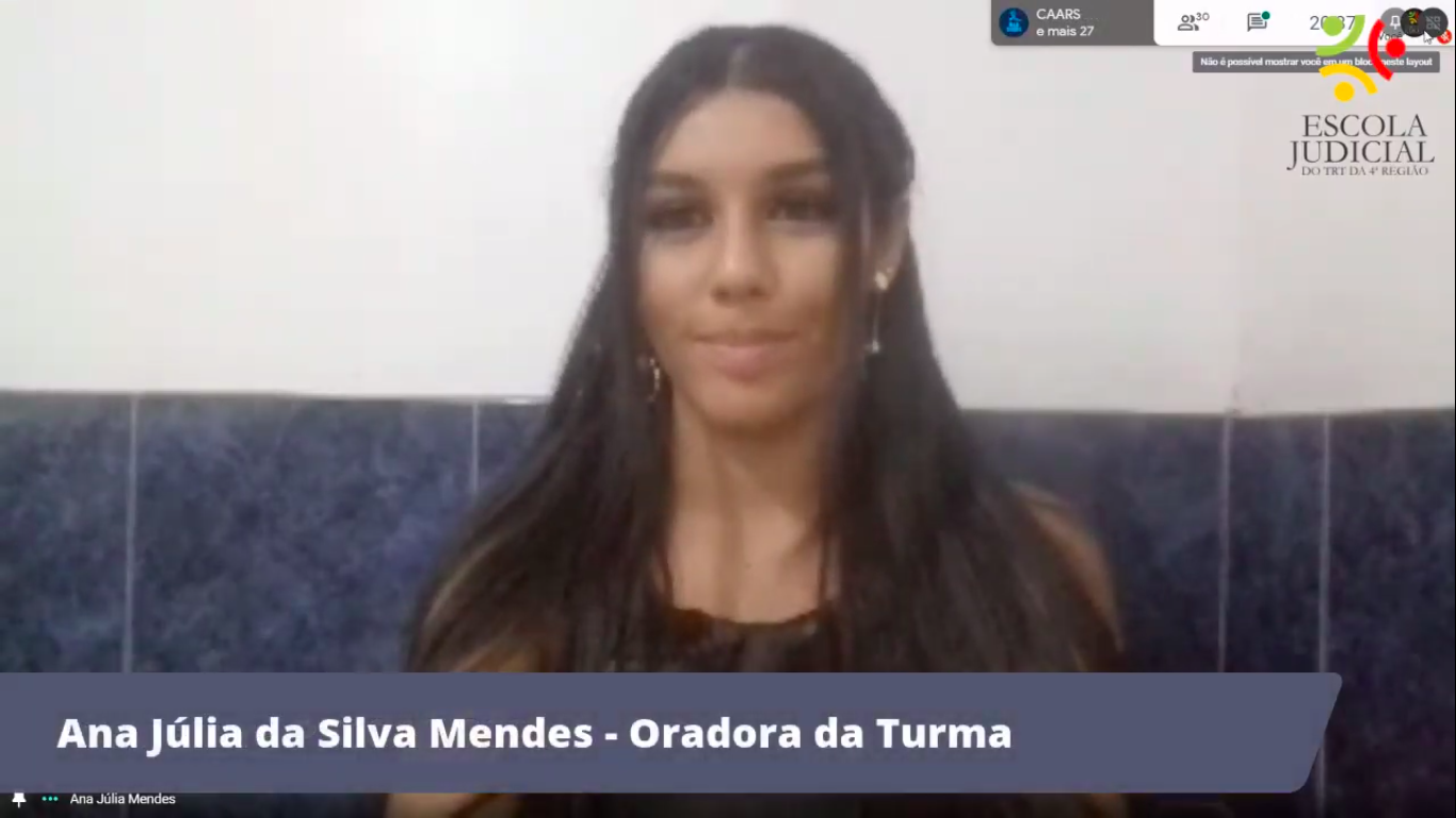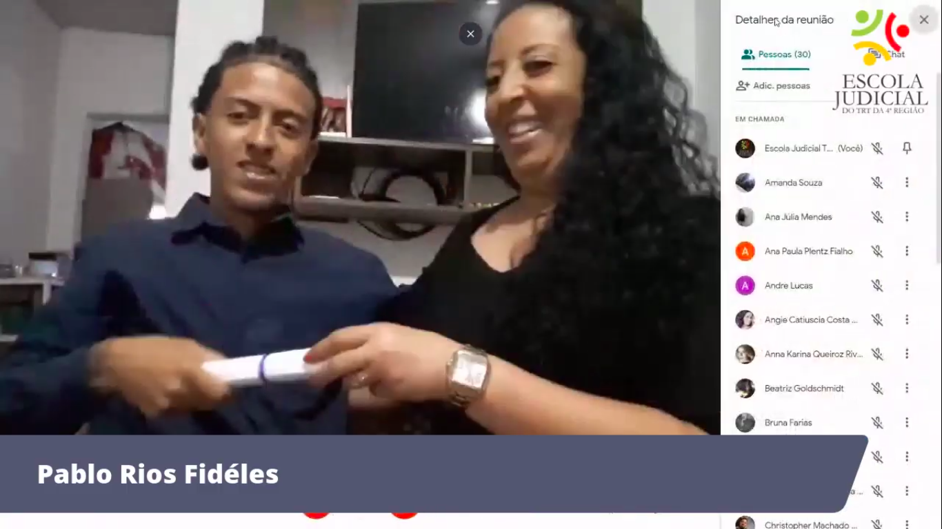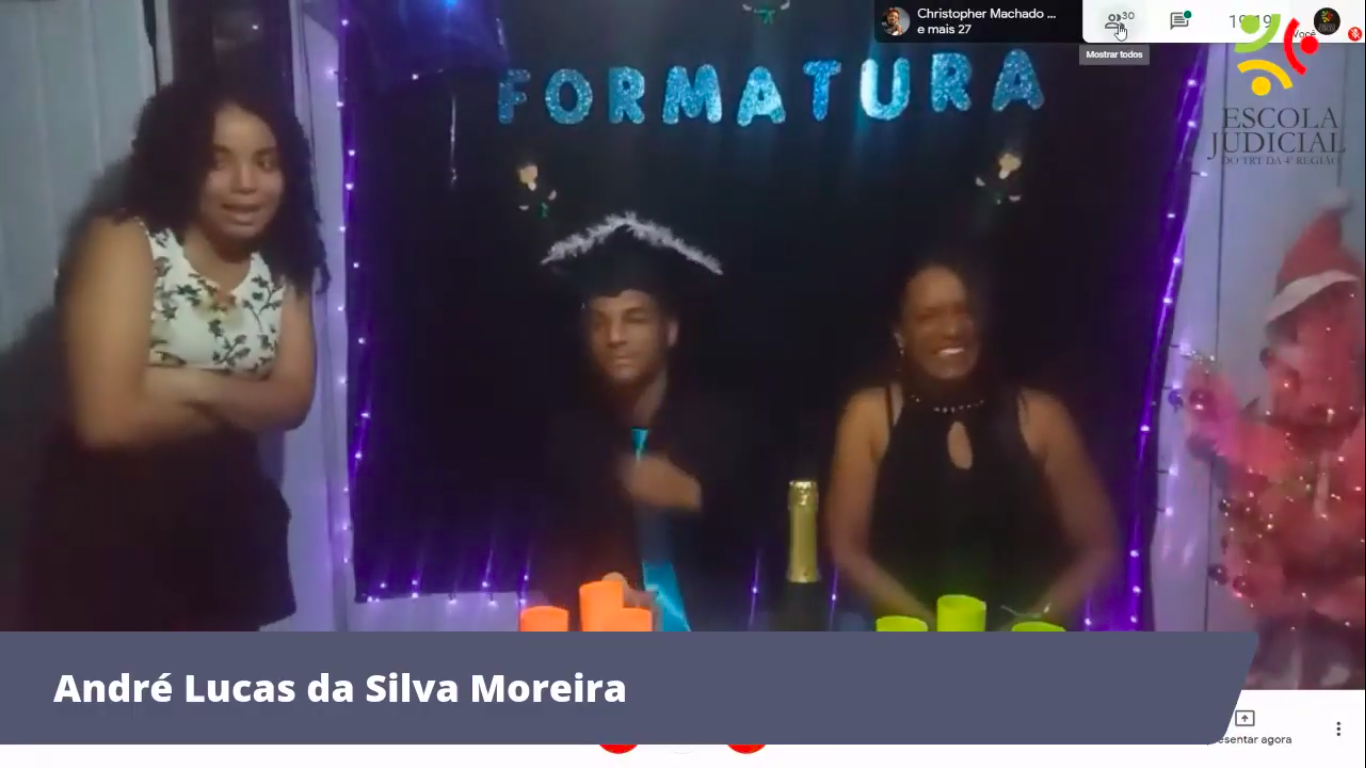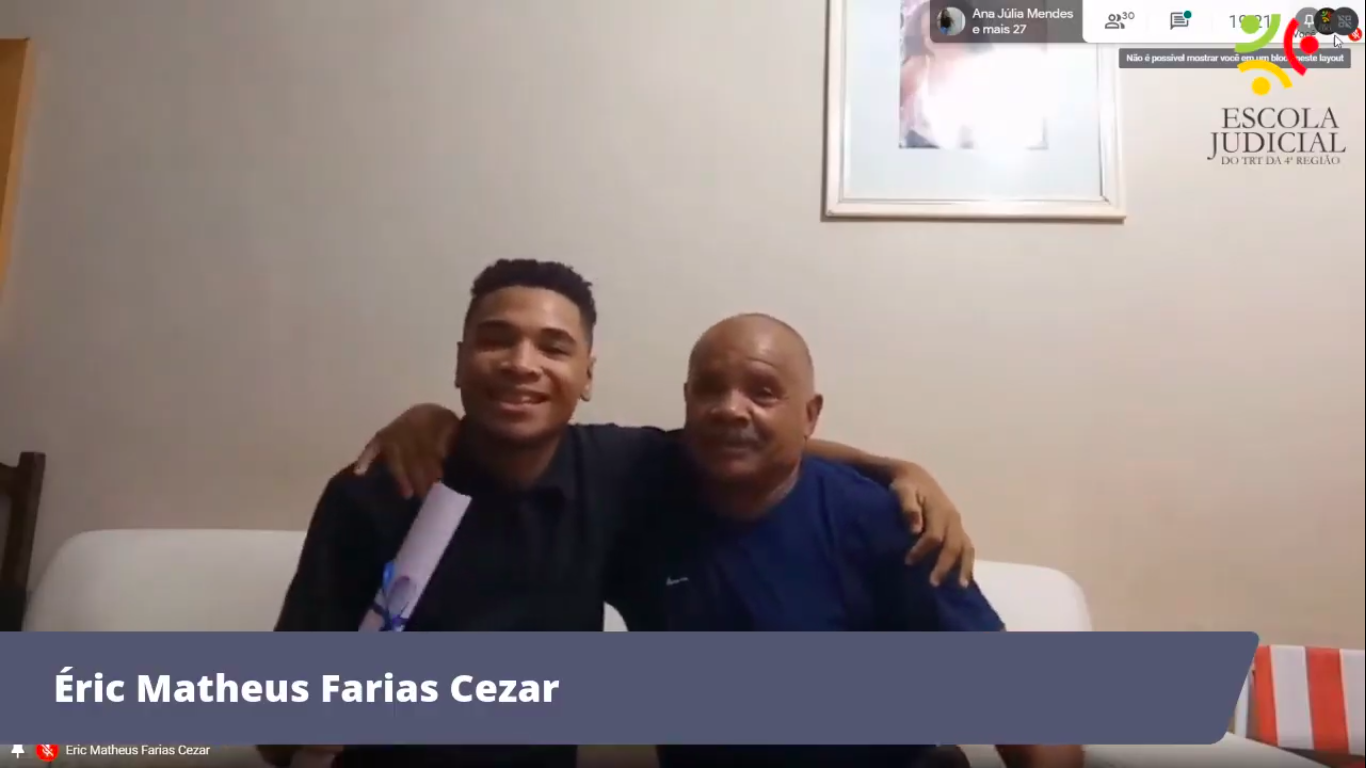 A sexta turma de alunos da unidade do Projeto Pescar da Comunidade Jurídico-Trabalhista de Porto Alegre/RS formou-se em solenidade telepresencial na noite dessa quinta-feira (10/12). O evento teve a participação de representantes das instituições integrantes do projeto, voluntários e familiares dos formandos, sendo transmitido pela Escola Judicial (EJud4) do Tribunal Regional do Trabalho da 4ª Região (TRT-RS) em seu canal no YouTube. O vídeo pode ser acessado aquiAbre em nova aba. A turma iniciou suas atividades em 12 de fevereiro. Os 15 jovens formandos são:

--

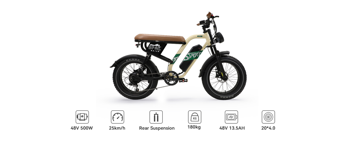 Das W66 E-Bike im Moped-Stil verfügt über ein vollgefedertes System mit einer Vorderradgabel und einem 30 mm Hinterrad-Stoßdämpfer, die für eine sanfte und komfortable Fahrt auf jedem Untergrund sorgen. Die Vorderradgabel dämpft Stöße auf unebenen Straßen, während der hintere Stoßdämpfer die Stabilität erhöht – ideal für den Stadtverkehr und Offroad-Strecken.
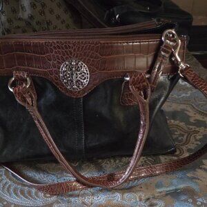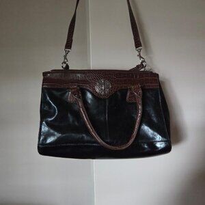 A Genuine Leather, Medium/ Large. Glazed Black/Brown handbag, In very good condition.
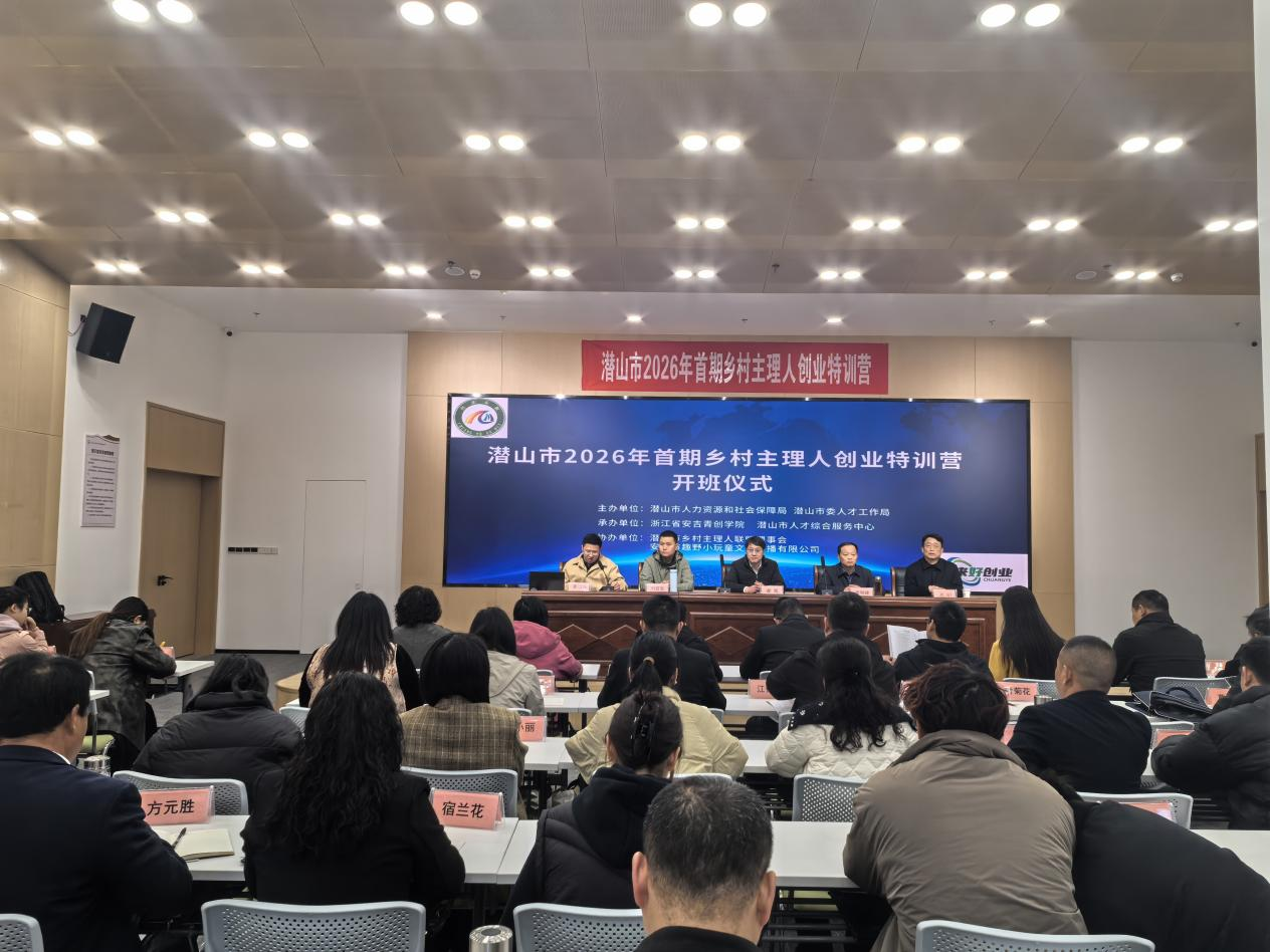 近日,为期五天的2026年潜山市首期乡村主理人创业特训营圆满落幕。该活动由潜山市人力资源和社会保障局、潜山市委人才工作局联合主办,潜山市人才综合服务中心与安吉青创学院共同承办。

◆ WHAT TO DO
For this exercise, reproduce exactly the lines of the records above from the one with "Das W66 E-Bike" up to and including the one with "A Genuine Leather, Medium/", without pictures.

◆ ANSWER TO THE EXERCISE
 Das W66 E-Bike im Moped-Stil verfügt über ein vollgefedertes System mit einer Vorderradgabel und einem 30 mm Hinterrad-Stoßdämpfer, die für eine sanfte und komfortable Fahrt auf jedem Untergrund sorgen. Die Vorderradgabel dämpft Stöße auf unebenen Straßen, während der hintere Stoßdämpfer die Stabilität erhöht – ideal für den Stadtverkehr und Offroad-Strecken.
 A Genuine Leather, Medium/ Large. Glazed Black/Brown handbag, In very good condition.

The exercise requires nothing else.